== Data

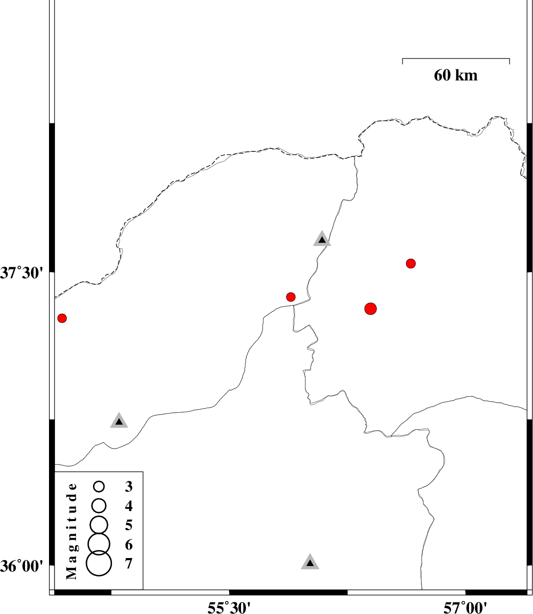 | 2018/02/14 | 19:57:58.4 | 23:27:58.4 | 37.374 | 55.89 | 15 | ML:2.5 | Golestan Province, 35 km -East of Kalaleh | ||
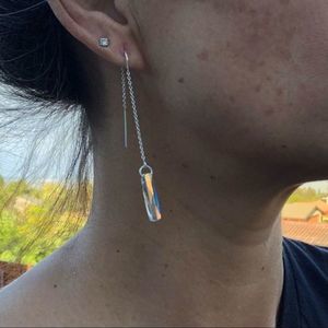 Handmade 20mm Swarovski Crystal Threader Earrings - AB (Aurora Borealis) - Column Shape
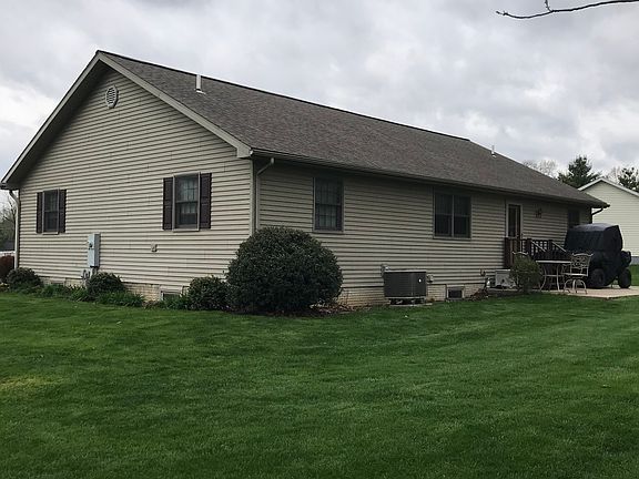 Built in 2005, this 3 bedroom, 3 bath home is situated in a newer cul de sac on the edge of town! Partially finished basement with stamped concrete walls. Kitchen appliances convey. Laundry on main level. Master suite with tub/shower in master bath. Main floor bath includes a walk in shower with seating. Beautiful oak trim and doors throughout. Gridded windows with custom made window coverings. Oversized 2 car garage and a 10 x 14 shed for outdoor storage. Large pie shaped lot in great neighborhood.
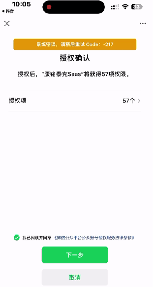 你好,请现在重试下是否可以正常授权成功?若还是不行请提供触发报错时间点、授权账号(公众号/小程序)AppId、第三方平台AppId及提示报错的授权完整链接
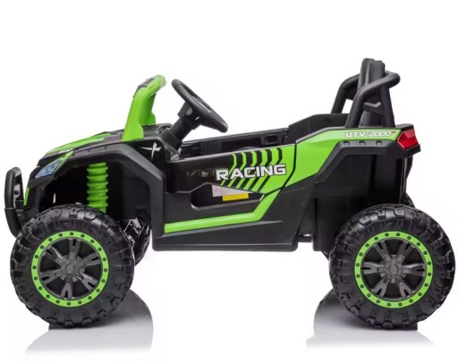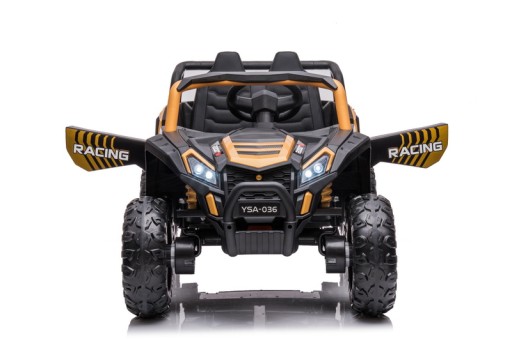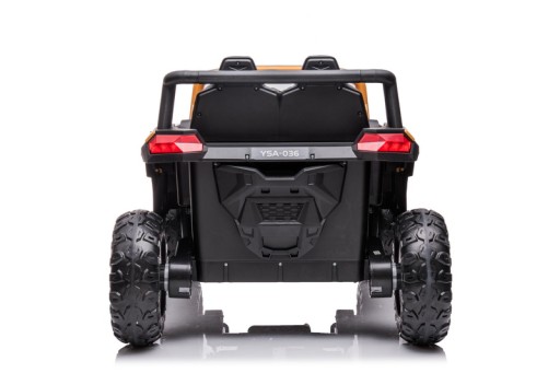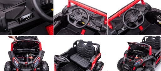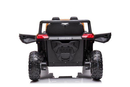 Samochód BUGGY na akumulator. Pojazd posiada otwierane drzwi z obu stron. Napęd zapewniają mu CZTERY potężne silniki elektryczne, zasilane akumulatorem o pojemności 12V10Ah. Na wyposażeniu pojazdu znajdują się uruchamiane przyciskami efekty dźwiękowe, wejście na odtwarzacz MP3, regulator głośności, światła LED. Dostępne są 3 prędkości poruszania (z funkcji pilota). Bezpieczną naukę jazdy zapewnia dołączony pilot zdalnego sterowania, dający rodzicowi pełną kontrolę nad pojazdem. Miękkie piankowe koła EVA + miękkie siedzisko z eko-skóry

====

-- Problem requirements --
Your answer must be the lines from the one containing "Built in 2005, this" through the final line of the entries, duplicated exactly, with both ends kept and all pictures left out.

-- Result for this exercise --
 Built in 2005, this 3 bedroom, 3 bath home is situated in a newer cul de sac on the edge of town! Partially finished basement with stamped concrete walls. Kitchen appliances convey. Laundry on main level. Master suite with tub/shower in master bath. Main floor bath includes a walk in shower with seating. Beautiful oak trim and doors throughout. Gridded windows with custom made window coverings. Oversized 2 car garage and a 10 x 14 shed for outdoor storage. Large pie shaped lot in great neighborhood.
 你好,请现在重试下是否可以正常授权成功?若还是不行请提供触发报错时间点、授权账号(公众号/小程序)AppId、第三方平台AppId及提示报错的授权完整链接
 Samochód BUGGY na akumulator. Pojazd posiada otwierane drzwi z obu stron. Napęd zapewniają mu CZTERY potężne silniki elektryczne, zasilane akumulatorem o pojemności 12V10Ah. Na wyposażeniu pojazdu znajdują się uruchamiane przyciskami efekty dźwiękowe, wejście na odtwarzacz MP3, regulator głośności, światła LED. Dostępne są 3 prędkości poruszania (z funkcji pilota). Bezpieczną naukę jazdy zapewnia dołączony pilot zdalnego sterowania, dający rodzicowi pełną kontrolę nad pojazdem. Miękkie piankowe koła EVA + miękkie siedzisko z eko-skóry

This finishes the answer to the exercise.